Exercise instructions » Search the listing below for the word "with" and copy each line where it appears.

Data provided »
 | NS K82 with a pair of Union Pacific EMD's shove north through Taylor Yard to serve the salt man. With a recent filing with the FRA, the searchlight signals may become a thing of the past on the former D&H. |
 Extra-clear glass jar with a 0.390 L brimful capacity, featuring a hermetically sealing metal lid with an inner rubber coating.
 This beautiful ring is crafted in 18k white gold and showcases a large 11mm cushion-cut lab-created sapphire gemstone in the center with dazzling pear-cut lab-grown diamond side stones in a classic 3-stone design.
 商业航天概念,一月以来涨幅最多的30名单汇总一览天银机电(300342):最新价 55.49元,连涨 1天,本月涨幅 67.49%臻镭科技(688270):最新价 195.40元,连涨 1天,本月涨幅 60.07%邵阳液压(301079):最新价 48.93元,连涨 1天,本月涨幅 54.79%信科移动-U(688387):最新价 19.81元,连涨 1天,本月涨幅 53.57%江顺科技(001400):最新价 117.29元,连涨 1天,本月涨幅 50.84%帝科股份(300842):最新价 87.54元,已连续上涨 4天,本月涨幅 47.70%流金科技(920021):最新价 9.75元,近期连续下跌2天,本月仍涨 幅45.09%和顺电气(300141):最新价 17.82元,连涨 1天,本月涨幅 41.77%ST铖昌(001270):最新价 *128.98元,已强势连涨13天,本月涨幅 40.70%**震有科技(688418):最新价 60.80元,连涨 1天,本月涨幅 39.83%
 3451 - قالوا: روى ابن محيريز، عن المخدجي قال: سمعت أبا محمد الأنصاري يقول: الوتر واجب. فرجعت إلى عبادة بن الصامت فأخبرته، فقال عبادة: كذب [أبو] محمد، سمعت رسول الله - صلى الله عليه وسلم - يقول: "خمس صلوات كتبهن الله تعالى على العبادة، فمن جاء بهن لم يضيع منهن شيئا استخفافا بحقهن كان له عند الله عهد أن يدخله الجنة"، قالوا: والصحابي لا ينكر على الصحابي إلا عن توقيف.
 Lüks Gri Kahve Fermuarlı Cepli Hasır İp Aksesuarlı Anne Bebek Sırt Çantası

Exercise answer »
 | NS K82 with a pair of Union Pacific EMD's shove north through Taylor Yard to serve the salt man. With a recent filing with the FRA, the searchlight signals may become a thing of the past on the former D&H. |
 Extra-clear glass jar with a 0.390 L brimful capacity, featuring a hermetically sealing metal lid with an inner rubber coating.
 This beautiful ring is crafted in 18k white gold and showcases a large 11mm cushion-cut lab-created sapphire gemstone in the center with dazzling pear-cut lab-grown diamond side stones in a classic 3-stone design.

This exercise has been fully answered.